Еще живя в миру, в Ачинске, и будучи состоятельной замужней дамой, звала она Даниила к себе, хотела устроить для него келью в саду рядом со своим новым домом. Но прозорливец твёрдо сказал:
— Ты сама живешь на болоте, а когда будешь жить на твердой земле, тогда я к тебе приду, ты меня и похоронишь…
Многое предсказал он тогда духовной дочери, «Только, — вспоминает матушка Евгения, — мы его слова принимали всяко, иногда верили и находили правильными, иногда пропускали просто… всё это принимали за басни».
Но наступило время, когда одно за другим Данииловы предсказания начали сбываться. «Скоро, скоро у Катеринушки крылышки отпадут, и Катеринушка упадёт», — как-то молвил старец своему чаду. Так оно и случилось: сначала умер муж, потом «потонул в болоте» дом, описанный по долгам, а потом и сама хозяйка накрылась «черным покрывалом» — монашеским и встала перед выбором, в какой монастырь идти: в иркутский или енисейский.
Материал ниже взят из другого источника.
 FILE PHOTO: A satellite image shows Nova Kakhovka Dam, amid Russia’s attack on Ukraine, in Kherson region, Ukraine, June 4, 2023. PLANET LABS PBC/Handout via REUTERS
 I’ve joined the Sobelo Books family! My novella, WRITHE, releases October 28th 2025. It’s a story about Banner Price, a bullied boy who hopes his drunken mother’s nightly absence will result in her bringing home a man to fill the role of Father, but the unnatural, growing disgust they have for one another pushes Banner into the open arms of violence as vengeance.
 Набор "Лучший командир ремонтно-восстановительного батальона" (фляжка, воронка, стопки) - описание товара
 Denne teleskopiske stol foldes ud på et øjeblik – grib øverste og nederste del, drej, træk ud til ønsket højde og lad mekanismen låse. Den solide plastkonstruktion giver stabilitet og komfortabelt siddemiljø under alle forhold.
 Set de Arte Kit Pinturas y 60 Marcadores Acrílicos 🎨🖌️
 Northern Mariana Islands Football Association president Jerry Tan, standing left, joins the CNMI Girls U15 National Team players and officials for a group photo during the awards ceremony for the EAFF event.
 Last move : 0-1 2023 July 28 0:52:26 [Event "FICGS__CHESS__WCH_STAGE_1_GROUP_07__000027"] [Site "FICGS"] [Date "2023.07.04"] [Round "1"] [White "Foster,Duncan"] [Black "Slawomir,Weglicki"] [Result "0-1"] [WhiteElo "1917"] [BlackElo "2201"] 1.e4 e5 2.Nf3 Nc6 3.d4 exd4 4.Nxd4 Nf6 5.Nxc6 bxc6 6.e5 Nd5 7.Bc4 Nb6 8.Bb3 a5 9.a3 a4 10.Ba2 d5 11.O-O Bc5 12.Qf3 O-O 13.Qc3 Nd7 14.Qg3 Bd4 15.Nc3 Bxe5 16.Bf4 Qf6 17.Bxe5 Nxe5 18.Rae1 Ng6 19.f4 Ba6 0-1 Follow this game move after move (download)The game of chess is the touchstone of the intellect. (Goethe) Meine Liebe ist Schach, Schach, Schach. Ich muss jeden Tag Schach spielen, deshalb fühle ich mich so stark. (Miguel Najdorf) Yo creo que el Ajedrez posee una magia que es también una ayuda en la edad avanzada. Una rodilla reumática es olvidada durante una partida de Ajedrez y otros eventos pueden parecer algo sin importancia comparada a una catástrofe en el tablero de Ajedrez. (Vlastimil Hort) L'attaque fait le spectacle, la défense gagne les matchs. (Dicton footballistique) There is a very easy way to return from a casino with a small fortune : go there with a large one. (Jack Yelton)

Испросила благословения у старца, и тот ответил: «Поезжай в иркутский, а будешь в енисейском… И рада бы не шла, да вызовут в енисейский». «Так и случилось… - пишет игуменья Евгения в своих воспоминаниях, — приехал ко мне дорогой мой гость… и только что вступил в келью мою, сказал: «Вот ты теперь на твердой земле, и я к тебе приехал погостить, ты меня и похоронишь».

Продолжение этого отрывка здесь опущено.